Auf geheimer Mission
Frühlingsanfang im Jahre 104, nach dem Zerfall der Alten Welt ...
Abt Vitus streifte die Kapuze seiner braunen Kutte zurück und ließ sich auf einen Baumstumpf nieder. Der Abt wirkte erschöpft. Vitus öffnete den Rucksack, griff sich ein Stück Brot und nahm etwas Wasser aus einer Feldflasche zu sich. Sein lichtes Haar war ergraut, das hagere Gesicht faltig, vom Wetter gegerbt, nur die hellblauen Augen verrieten eine gewisse Jugendlichkeit, die er sich bewahrt hatte. Schon früh, lange vor den ersten Sonnenstrahlen, hatte er, unbemerkt von seinen Ordensbrüdern, das Kloster Amelungsburg verlassen und war zu einer geheimen Mission aufgebrochen. Er nannte sie »Des Teufels Abgrund« und bei dem Gedanken daran, lief ihm ein eiskalter Schauer den Rücken hinunter. Obwohl er den Namen des Teufels nie in den Mund nahm, war jener dennoch in seiner fantasiereichen Vorstellung über den »Tiefen Bärengrund« allgegenwärtig. Dort drunten hauste der Höllenfürst, dessen war er sich absolut sicher!

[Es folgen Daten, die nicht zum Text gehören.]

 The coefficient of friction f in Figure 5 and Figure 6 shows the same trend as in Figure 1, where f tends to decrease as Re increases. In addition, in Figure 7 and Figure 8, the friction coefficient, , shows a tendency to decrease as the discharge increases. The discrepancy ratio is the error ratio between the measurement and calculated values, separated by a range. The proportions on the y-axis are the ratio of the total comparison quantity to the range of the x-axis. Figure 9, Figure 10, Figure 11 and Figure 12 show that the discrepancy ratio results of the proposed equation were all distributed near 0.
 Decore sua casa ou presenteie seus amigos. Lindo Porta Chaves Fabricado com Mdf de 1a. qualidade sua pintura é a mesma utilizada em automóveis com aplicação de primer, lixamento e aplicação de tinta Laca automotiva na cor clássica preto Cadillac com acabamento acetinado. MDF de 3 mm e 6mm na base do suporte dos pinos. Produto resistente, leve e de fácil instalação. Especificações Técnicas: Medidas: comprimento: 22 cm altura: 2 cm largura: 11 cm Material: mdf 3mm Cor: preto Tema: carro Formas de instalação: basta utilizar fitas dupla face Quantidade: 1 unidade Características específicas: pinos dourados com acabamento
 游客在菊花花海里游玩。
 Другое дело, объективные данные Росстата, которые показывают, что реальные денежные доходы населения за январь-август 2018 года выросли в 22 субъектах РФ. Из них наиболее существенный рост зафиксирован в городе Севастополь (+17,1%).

Der Bärengrund teilte sich in zwei Waldabschnitte: In einen »Hohen« und einen »Tiefen Bärengrund«, wobei vom Erstgenannten ein reizvoller Wanderweg ins »Himmelreich« hinüberführte.
In den »Tiefen Bärengrund« gelangte man der Beschreibung nach, nur über einen geheimen Zugang, der sich dem Kundigen kurz vor dem Übergang ins »Himmelreich« offenbarte. Je weiter man in den »Tiefen Bärengrund« vordrang, umso bedrohlicher wurde man von der Wildheit des Waldes eingefangen. Kein Licht der Sonne vermochte je das dichte Blätterwerk zu durchdringen; nur ein feuchtschwüler, modriger und manchmal nach Verwesung stinkender Wind fegte über den engen Pfad in die Tiefe, so, als würde er dem Mutigen den Weg weisen.

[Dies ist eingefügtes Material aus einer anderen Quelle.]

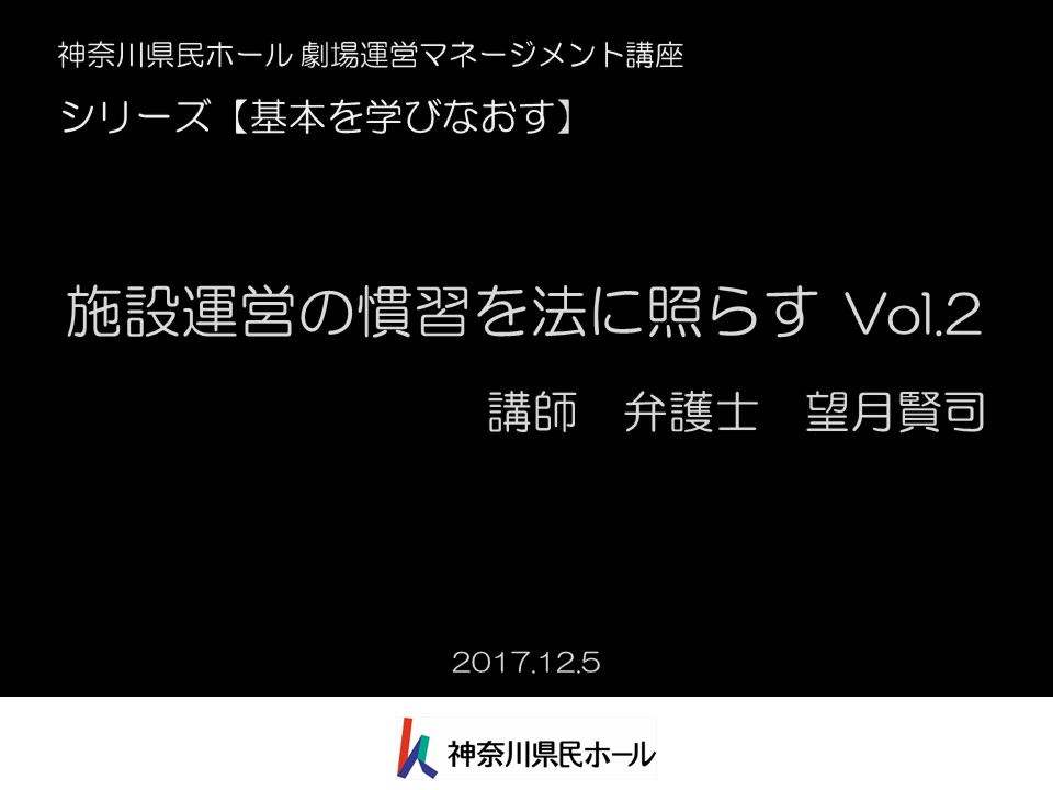 - 劇場運営マネージメント講座 シリーズ「基本を学びなおす」 第4回 施設運営の慣習を法に照らす Vol.2

Abt Vitus war ein Mann des Glaubens, und so erhoffte er sich göttliche Kraft und Heil für seine Reise in den Abgrund. Er gab sich der Hoffnung hin, dass die anderen, die sich gleichzeitig auf dieser Mission befanden, seinen Weg kreuzen würden, um mit ihm gemeinsam den Pfad zu beschreiten. Aber kein Mensch war an diesem frühen Morgen weit und breit auszumachen, er war alleine mit sich und der Natur.
Ein hektisches Flattern im Roggenfeld ließ ihn aufhorchen. Abrupt sprang er auf, schaute sich angstvoll um. Zwei Rebhühner erhoben sich kreischend in die Lüfte. Er erahnte zwar, dass ein Fuchs oder irgendein anderes Raubtier sie aufgeschreckt haben musste, und ihm persönlich somit keine Gefahr drohte, trotz alledem ergriff er flugs seinen Rucksack und eilte davon.

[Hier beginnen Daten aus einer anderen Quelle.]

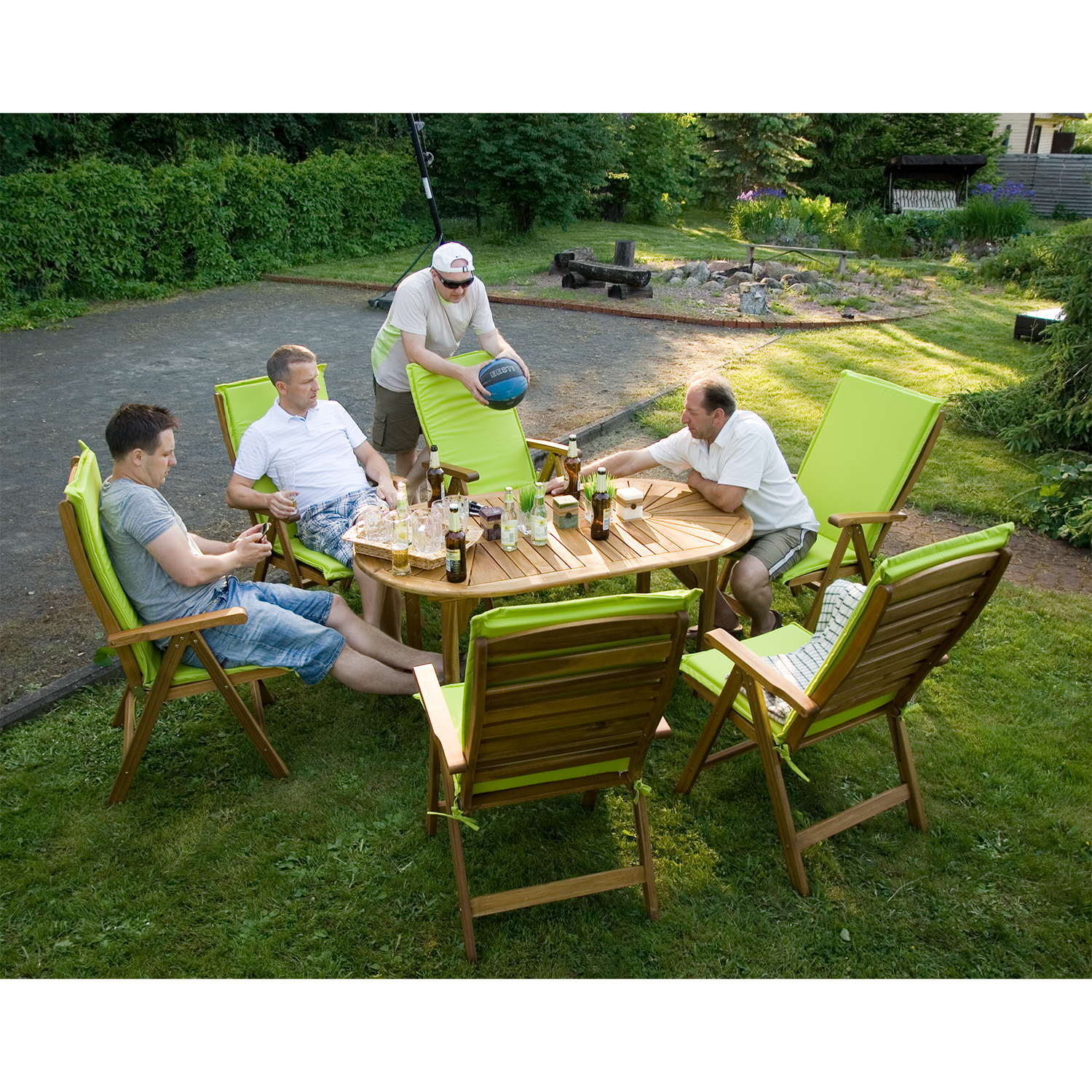 Sodo baldų komplektas FINLAY stalas ir 6 kėdės su rankenomis. Stalas ir kėdės pagaminti iš akacijos medienos ir apdoroti medienos apsaugos alyva. Išskleidžiamo stalo matmenys 153/195x90xH72 cm. Stalo viduryje yra 3,5 cm skylė skėčiui nuo saulės uždengti. Stalas per vidurį yra išskleidžiamas. Per vidurį sulankstomas 41,5 cm pločio prailgintojas, kuris dedamas po stalo stalviršiu. Bendrieji kėdės matmenys: 62x66xH110 cm, sėdimosios dalies plotis 51 cm, sėdimosios dalies gylis 47 cm, sėdimosios dalies aukštis 44 cm, atlošo aukštis 69 cm. Porankių aukštis nuo žemės 68 cm. Ribinis svoris 100 kg. Gaminys atsparus besikeičiančioms oro sąlygoms. KONSERVACIJA: Mediena yra gyva natūrali medžiaga, kuri keičia savo išvaizdą priklausomai nuo oro sąlygų. Baldai yra veikiami kintančių oro sąlygų. Reguliariai valykite, saugokite nuo drėgmės ir UV spindulių. Pakanka bent kartą per metus lengvai nušlifuoti ir padengti nauju alyvos sluoksniu, kad baldai atgautų naują išvaizdą. PRIEŽIŪRA: Pasibaigus vasaros sezonui rekomenduojame sodo baldus laikyti patalpoje. Pasibaigus vasaros sezonui, prieš sandėliuojant baldus patartina palikti juos sode, kad atvėstų ir išdžiūtų. Sandėliavimui naudokite sausą ir gerai vėdinamą patalpą. Sandėliavimo metu saugokite baldus nuo tiesioginių saulės spindulių.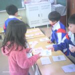 2026年2月5日 / 最終更新日時 : 2026年2月5日 nen1 1年生 国語科「ものの名まえ」(1年生) 国語科「ものの名まえ」の学習でお店屋さんごっこをしました。 各グループで魚屋、ゲーム屋、お菓子屋、花屋、おもちゃ屋、くだもの屋をすることに決まりました。 お客さん役の人は、「りんごを一つください」「あさがおはありますか」など、一つ一つの名前をしっかり言ってから買い物をしていました。 体験を通して、ものにはそれぞれ名前があること、また、それらをまとめてあらわす言い方があることを学びました。
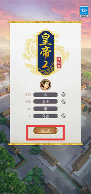 1、开局可以自定义【皇朝】、【年号】、【姓】、【名】,完成后点击【确定】。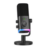 Fifine AM9 — это проводной динамический микрофон с кардиоидной направленностью. Он оснащен разъемом для наушников, функцией отключения звука и яркой RGB-подсветкой.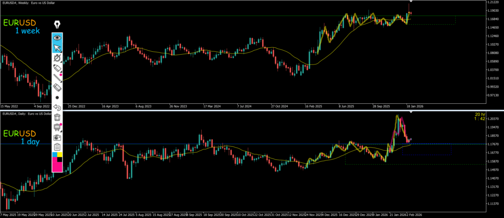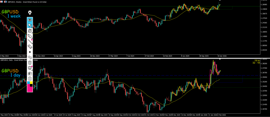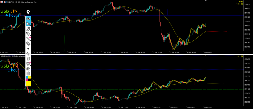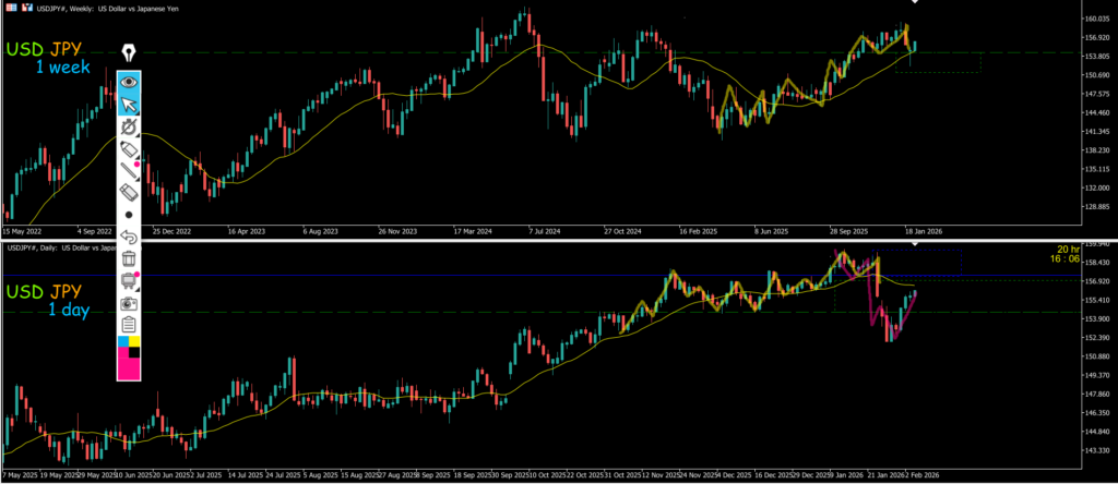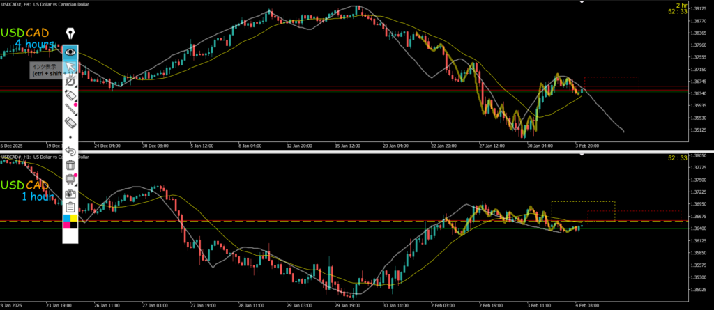4h小さく二番になり本来であればレジスタンスライン抜けがスイングトレードのエントリーポイントになるが日足は空中戦で存在確認が出来ていない、4hMAとレジスタンスライン抜けの反転から1h押し目買いになれば4h1波狙いのエントリーを考えていきたい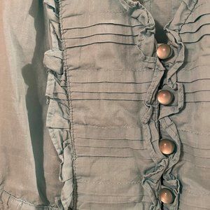This top is lighter than air! Beautiful aqua colored blouse. Tuxedo ruffle detailing at yoke, with mother of pearl buttons on placket. Cap sleeves. Self-tie around back cinches waist. And it has pockets!!! It shows no signs of wear, and no odors, defects, or stains. Lovingly cared for in smoke and pet free home. I'm selling because I never wear it, and it is a bit small for me right now. For reference, I am 5'1" and 38 bust, 29 waist, 40 hips. Feel free to make an offer!

Vitus sprang über einen kleinen Bach, rannte durch eine Ansammlung von jungen Fichten, rutschte eine Böschung hinunter, rappelte sich wieder auf und stoppte erst, nachdem er in der Ferne den vertrauten Anblick des »Himmelreiches« mit der alten Burgruine im Hintergrund erblickte. Es war jetzt nicht mehr weit und er betete inständig, dass er bald auf einige der Landesgrafen treffen würde.
Er brauchte eine Stunde bis zu der Stelle, die den Anfang des Wanderweges vom »Hohen Bärengrund« ins »Himmelreich« markierte. Hier oben herrschte völlige Windstille und die angenehme Wärme der morgendlichen Sonne verwischte die letzten Nebelschwaden in den Tälern. Hinter einem herrlich duftenden Wachholderstrauch, der zwischen zwei Bergkiefern wuchs, lag der geheime Zugang in den »Tiefen Bärengrund«.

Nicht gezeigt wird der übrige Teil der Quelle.